By Daniel Brazil*
Commentary on the novel by Maria Valéria Rezende
Maria Valéria Rezende is one of the most prestigious contemporary Brazilian writers. In addition to a vast work for children and young people, she wrote short stories, chronicles and novels that won over a legion of admirers.
forty days, released in 2014, is perhaps his most visceral work. The author reveals that she lived for several days on the streets of Porto Alegre to create the story of Alice, a retired teacher who is coerced by her daughter to leave her apartment in João Pessoa to take care of a future grandson, in the capital of Rio Grande do Sul.
The narrative, written in the form of a diary, reveals in an almost brutal way Alice's emotional disturbance, as soon as she arrives in the city and is abandoned by her daughter, who goes to study abroad with her husband. An old notebook, with a Barbie on the cover, becomes the repository of the protagonist's frustrations and revolt. Dissatisfied, she takes to the streets looking for the missing son of a friend from Paraíba.
Some references are evident. The title's forty days echo the biblical episode of Jesus walking in the desert, fasting. The protagonist's name reminds us of the character of Lewis Carroll, in his erratic adventures in other realities.

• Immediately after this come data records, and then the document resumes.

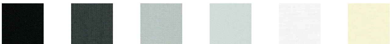
raven pewter flint slate china white ivory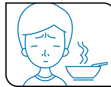
Loss of sense of smell or taste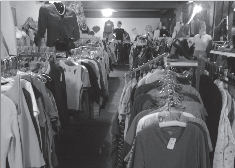
Racks of gently used clothing items fill E-Mart thrift store, located in the basement of Olympia Eagles #21. The store has raised thousands of dollars for charity in just 18 months.

THE OFFICIAL BULLETIN OF THE FRATERNAL ORDER OF EAGLES GRAND AERIE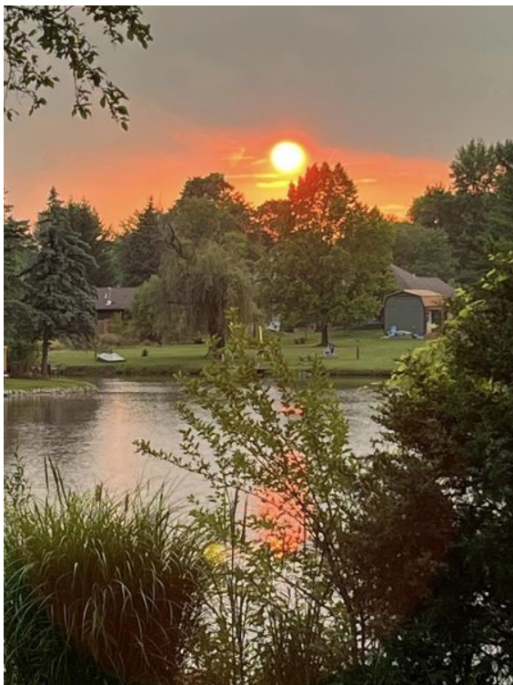
Sunset on beautiful Thor Lake in June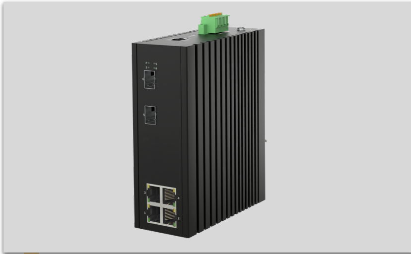
6-port Enhanced Industrial Switch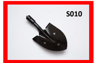
Mud Shovel 16 ga.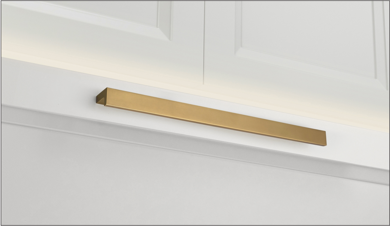
Aged Brass (Finish ID:4)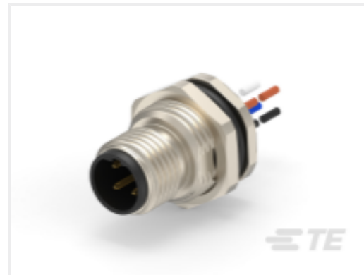
TE Part # T4171010404-802 M12, REAR MOUNT, MALE, B, 4P, 0.5M WIRE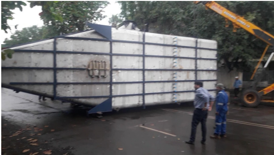
VBC 16X18. Made for Lance Engineering Pvt. Ltd.

Maria Valéria Rezende's Alice goes hungry and cold as she wanders through the outskirts of Porto Alegre, entering slums and construction sites, sleeping on benches at the bus station, trying to assimilate the blow of having been deceived by her own daughter. An uncertain Cicero's search for her has something of self-flagellation, but also of sublimation, as if the reunion of someone else's son filled the void that had arisen in her life.
More than the plot, we are involved by the writer's narrative domain, which alternates excerpts from the diary with a later report, intentionally leaving some pages incomplete, sentences without a period. These dialogues with the Barbie that adorns the cover of the notebook reflect the distressing and confused state of the character, who will find relief in some figures that cross her path, beings that also roam the city, but that keep some values such as solidarity and gratitude.
In these dark times of quarantine, meeting the forty days by Maria Valéria Rezende is more than a simple numerical coincidence. It is an encounter with Brazilian literature of the XNUMXst century, through one of its greatest representatives.
Disturbing reading, which leads the reader to penetrate an invisible world, a black, northeastern, poor and unequal Porto Alegre, far from the media and the postcard. But it is in this wonderland that Alice, with no rabbit to guide her, finds her way out of her nightmare.
*Daniel Brazil is a writer, author of the novel suit of kings (Penalux), screenwriter and TV director, music and literary critic.